MightyOhm

Finally, I bring you the conclusion of my Diamond Chop Saw series!

In this part I’ll cover a few remaining issues, but mostly I’ll report on my use of the machine in the construction of my 47 GHz radio, for which this project was intended.  If you’re not already familiar with this project, you might want to go back and start by reading Part 1.

Attaching/Aligning the Blade

Attachment of the blade to the hard disk platters (see part 2) sets the basic accuracy of the tool.  If the blade is out of plane the cut will be wider than the blade.  If the blade is off center, portions of the blade will wear faster.  Achieving perfection is virtually impossible, but I managed to get a ‘good enough’ result.

My method was to lay the ring blade down onto the larger platter and use tape to temporarily hold the blade in place while I manually spun it around to check for centering.

Method for centering the blade

A little fiddling and re-alignment will get things pretty close.  After the centering is good, the next step is to glue the blade into place.  I used tiny drops of Zap-a-Gap around the inner edge of the ring and held the two together firmly as the glue set.

After gluding the blade, spots of glue are visible on the top surface

The result is not perfect, but cuts I have done seem to be sufficiently narrow.

The Cutting Setup

The picture below shows the setup for making cuts.  The large silver box in the background is the vacuum pump, the green vise in front is holding a digital indicator (for making precisely measured cuts) and the blue airbrush is ready for spraying water onto the cutting surface.

Dicing saw setup

The parts to be cut are mounted on glass slides using Crystalbond adhesive, a thermoplastic mounting polymer.

Test substrates about to be cut

Using the Chop Saw

Below are some pictures of cuts made with the saw.

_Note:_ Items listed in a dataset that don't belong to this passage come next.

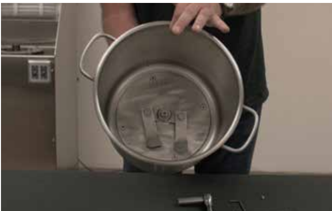
6. Make sure blade lays on top of washer welded to bucket.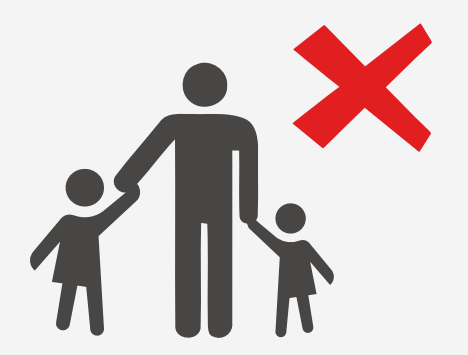
1 adult with 1 child under 4 years and 1 child aged 4 - 7 years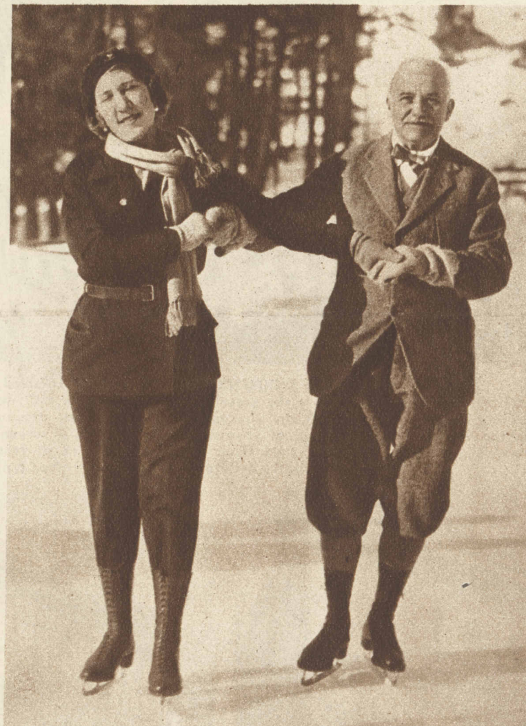
BRITAIN'S ROCKEFELLER GOES ATHLETIC—Sir Henri Deterding, European oil magnate, and Lady Deterding try the skating at their estate near London.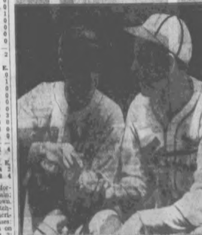
Dizzy Dean (right), credited with the National League's 4-3 victory in the all-star game at Boston, is shown with Joe DiMaggio, New York Yankee rookie whose misdeeds at bat and field made him the "goat" of the classic. DiMaggio's blunders afield figured in two runs for the opposition, and his failure to get a hit in five times at bat led the American Leaguers down in crucial moments.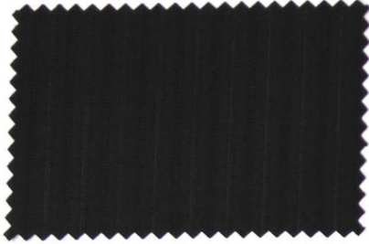
067-59 / 700 2% SILK 98% WOOL PRESTIGE 150 150 CM 260 G BLACK / SUIT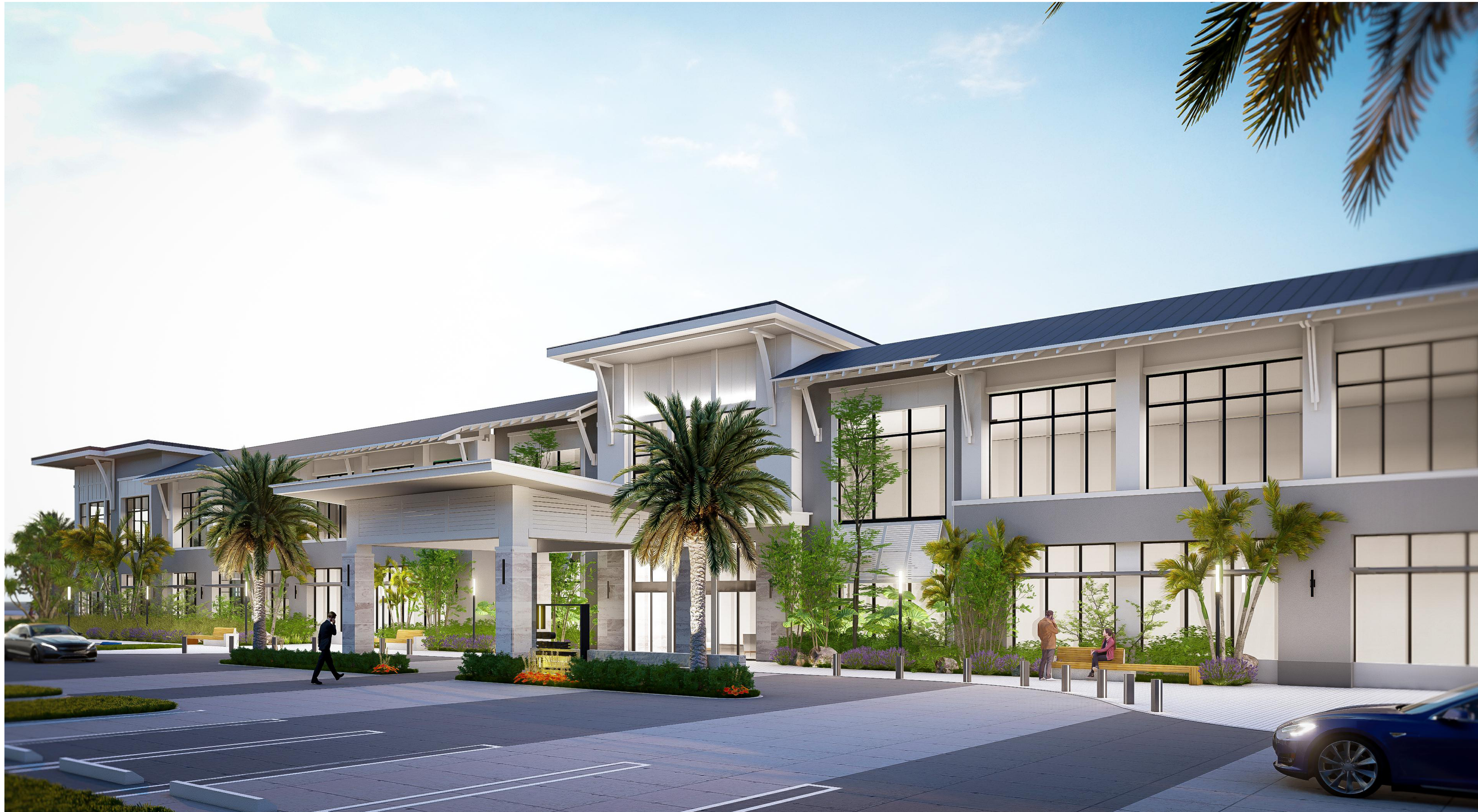
1 Drop-Off Entrance View SCALE: 1/2" = 1'-0"

Copyright © 2023 MODIS ARCHITECTS, LLC. All Rights Reserved | C:\Users\Bouradem\Documents\Project 23002_CD_04\render\001.rvt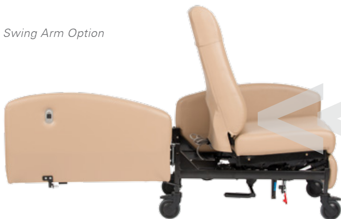
Swing Arm Option

Swing arms are ideal when easy access cleaning and transfer of patients is an important consideration.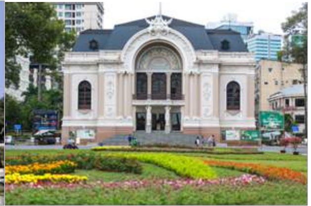
(Image: 1. Notre Dame Cathedral; 2. Opera House – Ho Chi Minh – Vietnam)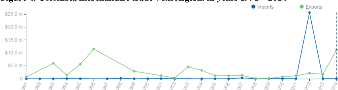
Figure 4. Colombia merchandise trade with Algeria in years 1991 – 2014

In the case of trade relations between Colombia and Algeria, trade in goods shows many variations in exports from Colombia to Algeria from 1991 to 2008, presenting a positive trade balance for Colombia. In the years 2008, 2009 and 2010, exports fell to zero and returned again moderately in 2011-2014 as shown in Figure 4. With regard to imports from Algeria to Colombia can be seen that were null until 2012 which mainly imports mineral oils and distillation products are reported.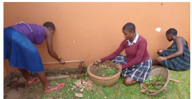
some cleaning at the center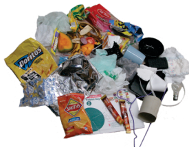
Food or garbage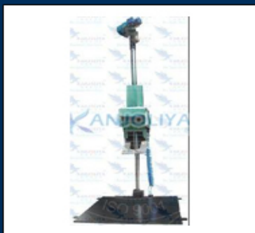
Drop Testing Machine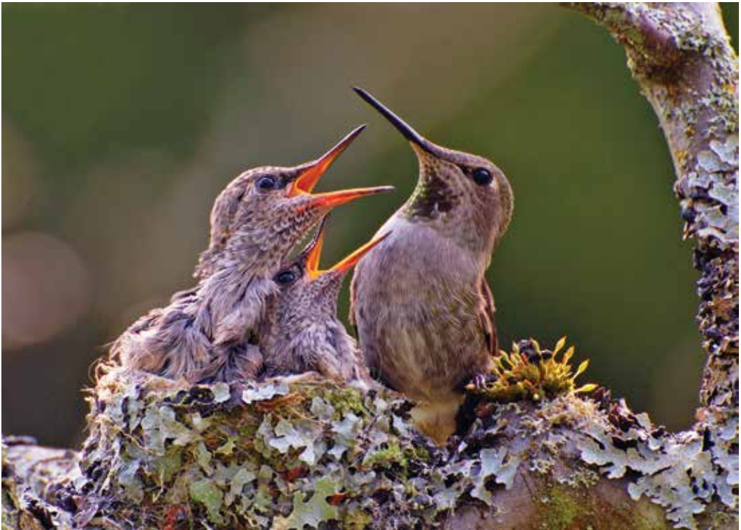
Figure 7. Fledglings are dependent on parents for 1-2 weeks after developing for at least 23 days in the nest. By mid-April, three separate families may have already visited feeders.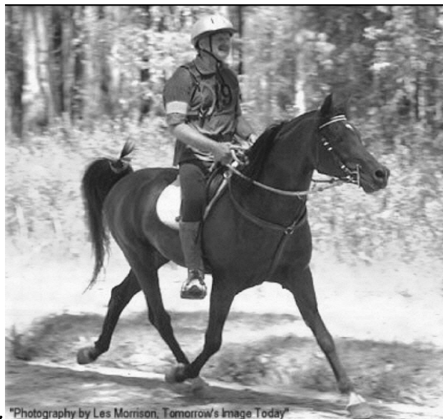
"Photography by Les Morrison. Tomorrow's Image Today"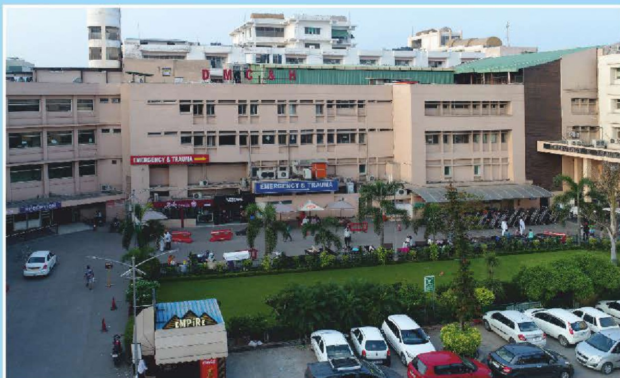
DAYANAND MEDICAL COLLEGE & HOSPITAL

A partial cut through one of the substrates

Several diced pieces.

Microscope view of a part diced into three pieces

From the photos above it is clear that the saw is working reasonably well.  The cuts are straight, the pieces have no obvious large chunks missing, and the gold metallization shows minimal signs of peeling.  I have made many cuts using this saw including angled cuts.  I have also used the saw to carefully strip off the backside metallization.  This will come in handy when I am making diveboard-style waveguide transitions.  I have also used the X/Y table to feed the piece along the blade, allowing me to make much longer cuts than in “chop” mode.  These came out very nicely as well.

The accuracy of the saw is reasonably good.  Using a dial or digital indicator, cuts can easily be made with 0.001 inch accuracy, which is sufficient for circuits working through 50 GHz at least.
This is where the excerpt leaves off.